Mark Zuckerberg’in Facebook’un başarılı olacağını öngörmesi yalnızca gençliğinin eseri midir? Aslına bakarsanız iyi bir fikri tanımlarken kullanılan ifade “Müşterilerin ve pazarın dinamiklerini doğru bir şekilde algılamak” olacaktır. Mark Zuckerberg ya da Bill Gates için girdiği pazara uygun teknolojiyi geliştirirken genç olmak gerçek bir avantaj sağlamış olabilir. Fakat hala ortada kafaları karıştıran bir soru bulunmakta: Cisco müşterilerinin ihtiyaçlarını; onlara yıllardır hizmet veren 50 yaşındaki ürün yöneticisinden ya da yıllardır bu ürün ailesini kullanan daimi bir müşteriden daha iyi kim bilebilir?
“Genç Girişimciler ‘Neyin Yapılmaması Gerektiğini’ Bilemezler”
Deneyimsiz olmak bir avantaj mıdır? Bir konuya yıllarını vermiş olmak, beraberinde karar verirken daha ayrıntılı düşünmeyi getirir. Deneyimli girişimci bir sonraki stratejik hamlenin getireceği sonuçlara kafa yorarken, genç girişimci toyluğunun verdiği gözü karalıkla daha kolay adımlar atar. Her iki yaklaşımın avantajları uzun uzadıya tartışılabilir. Fakat günün sonunda varılan nokta; kişi, ister deneyimli isterse toy bir girişimci olsun, fikrinin başarılı ya da başarısız olduğuna kanaat getirinceye kadar test etmelidir.
“Genç Girişimciler Daha İyi Odaklanır”
Silikon vadide genç girişimcilerin edindiği temel bir ilke var o da “Uygulamaları piyasaya sürülünceye kadar tek yaşam alanları şirketleridir.” Eğer gençseniz çalışanlarınızla beraber bir çatı altında sabahlayabilir, ürün gerçekleşene kadar orayı yaşam alanınız olarak belirleyebilirseniz. Bu durum, hayatınızın farklı alanlarında farklı sözler ve bağlılıklar gerçekleştirene kadar sizin için gerçek bir avantaj halini alır. Fakat bu durum ne kadar sürdürülebilirdir?

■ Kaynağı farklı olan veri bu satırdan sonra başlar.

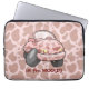 Carro de animação com padrão de vaca rosa. Texto personalizado.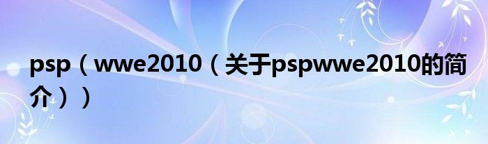 本文關(guān)于psp wwe2010的簡(jiǎn)介就講解完畢,希望對(duì)大家有所幫助。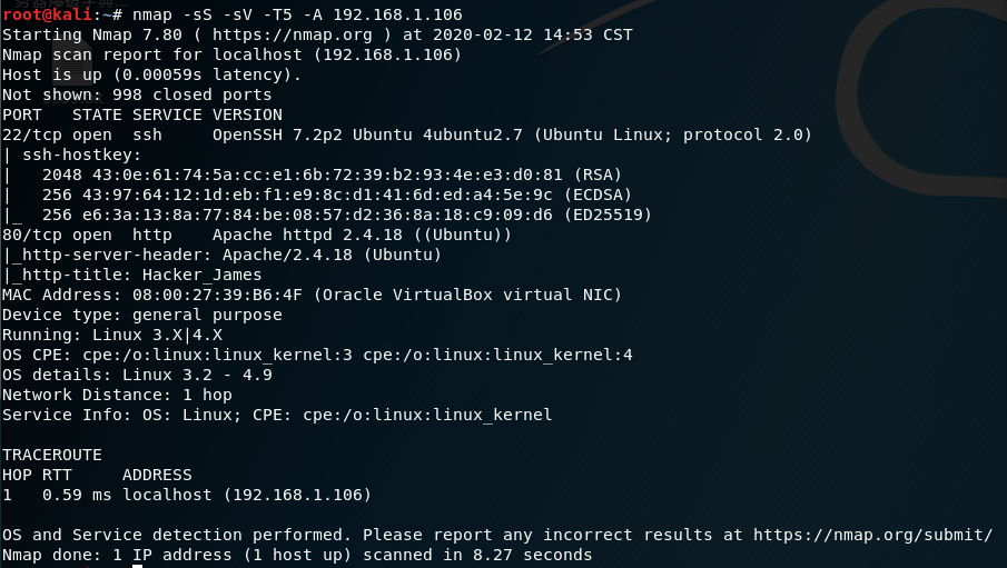 端口探測及服務識別:nmap-sS -sV -T5 -A 192.168.1.106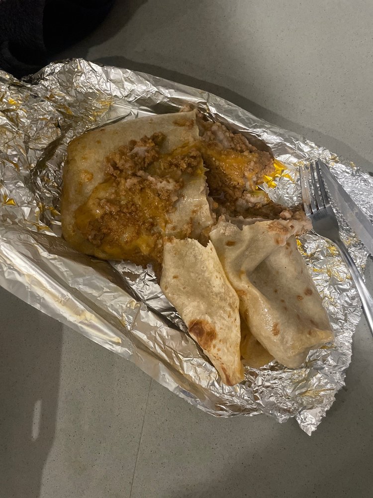 Burrito with Eggs, Potatoes, Chili, and Cheese

“Genç Girişimciler Daha Çeviktir”
Hızlı öğrenme kabiliyeti, bir girişimcinin en önemli avantajıdır. Fakat hızlı öğrenme yalnızca gençliğin tetiklediği bir özellik midir? Eğer öyleyse ZipCar ‘ın yaratıcısı 3 çocuk annesi Robin Chase’in başarı öyküsünü göz ardı etmemiz gerekecek. ZipCar, onun ilk girişimidir ve bu fikri gerçekleştirmeye karar verdiğinde Chase, 40 yaşındaydı. Verdiği bir demeçte, girişiminin ilk yılının gerçekten zorlu olduğunu söylemiş, fakat kritik bir dönüm noktasından dönerken en büyük yardımcısının 20 yıllık iş deneyimi olduğunun altını çizmiştir.

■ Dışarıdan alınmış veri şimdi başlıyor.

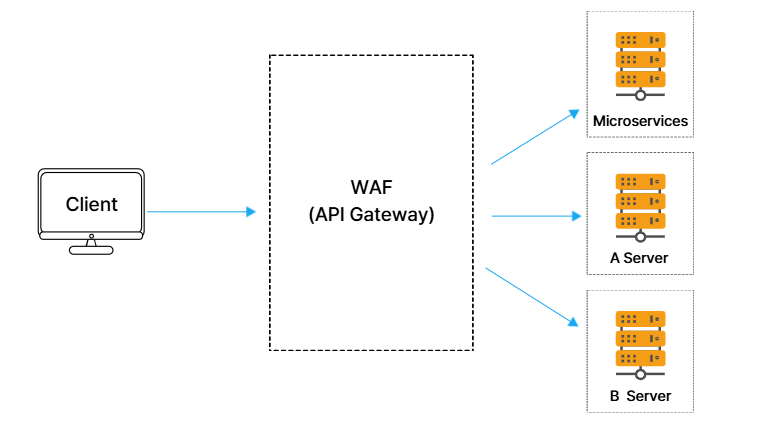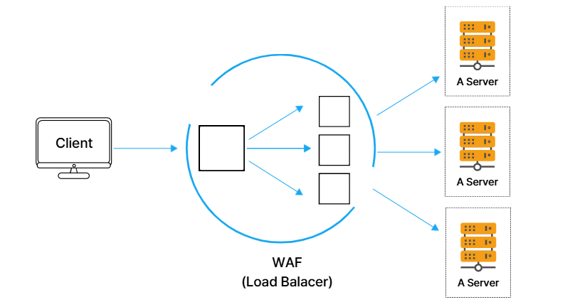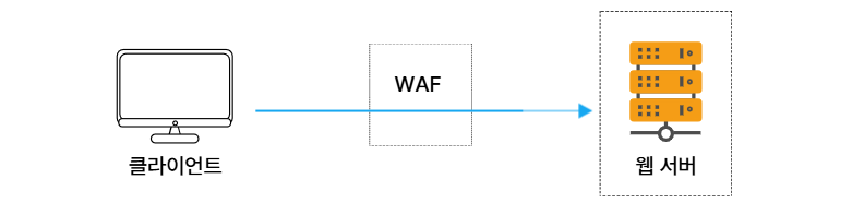 클라이언트는 WAF의 IP를 목적지로 삼아 요청하며, WAF에서 요청을 검증한 후 안전한 요청만 서버로 전달됩니다.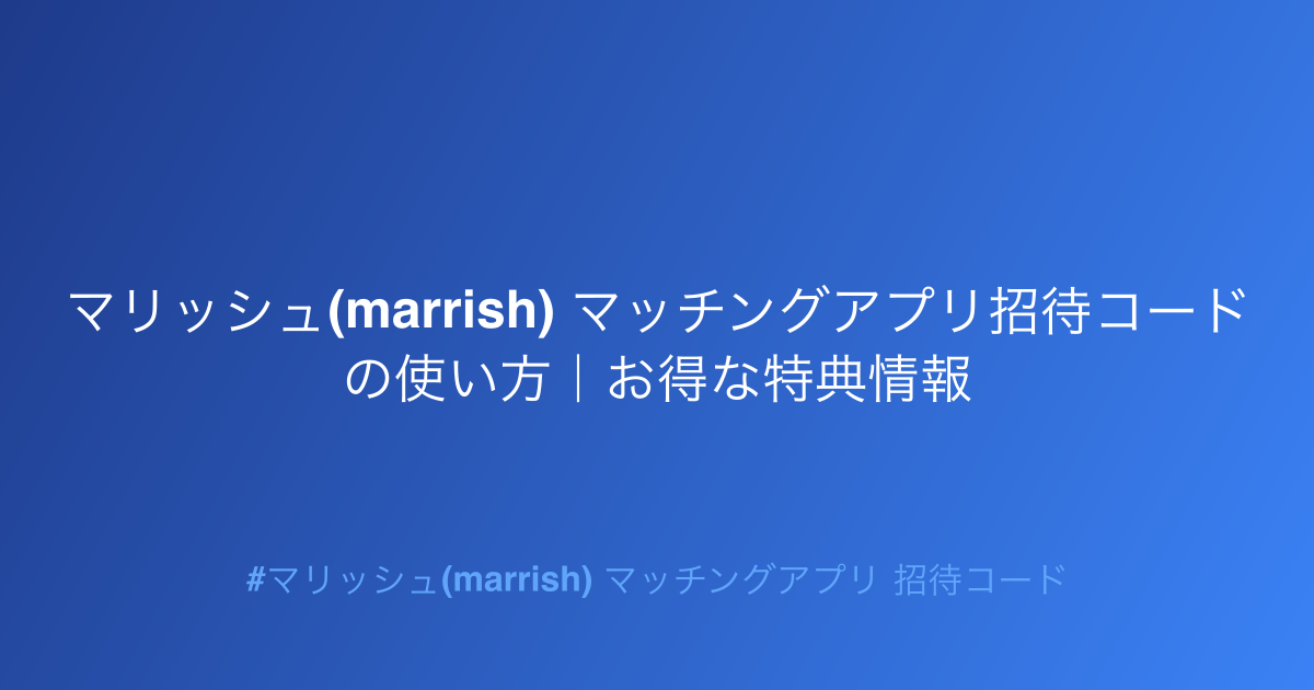 マリッシュ(marrish) マッチングアプリ 招待コードについて、効果的な活用方法や成功のコツを解説します。

Büyük Resme Bakacak Olursak;
Harlan Sanders ilk Kentucky Fried Chicken‘i açtığında 62 yaşındaydı. Sam Walton, Walmart’ı gerçekleştirmek için yola koyulduğunda 44 yaşındaydı. Don ve Doris Fisher; The Gap ‘i kurduğunda Don 41’indeydi ve öldüğünde geride 3 milyar dolarlık bir servet bıraktı. Bu insanlar sadece yaşlı olduklarını düşündükleri için bu işe girmemiş olsalardı şu an bu markaların hiçbiri hayatımızda olmayacaktı. Eğer ilham almak istiyorsak işin bir de bu tarafına bakmalıyız. Bir insan kaç yaşında olursa olsun, eğer yeterli önseziye ve inanca sahipse, ortaya gerçekten iyi bir iş çıkarmayacağını kim garanti edebilir?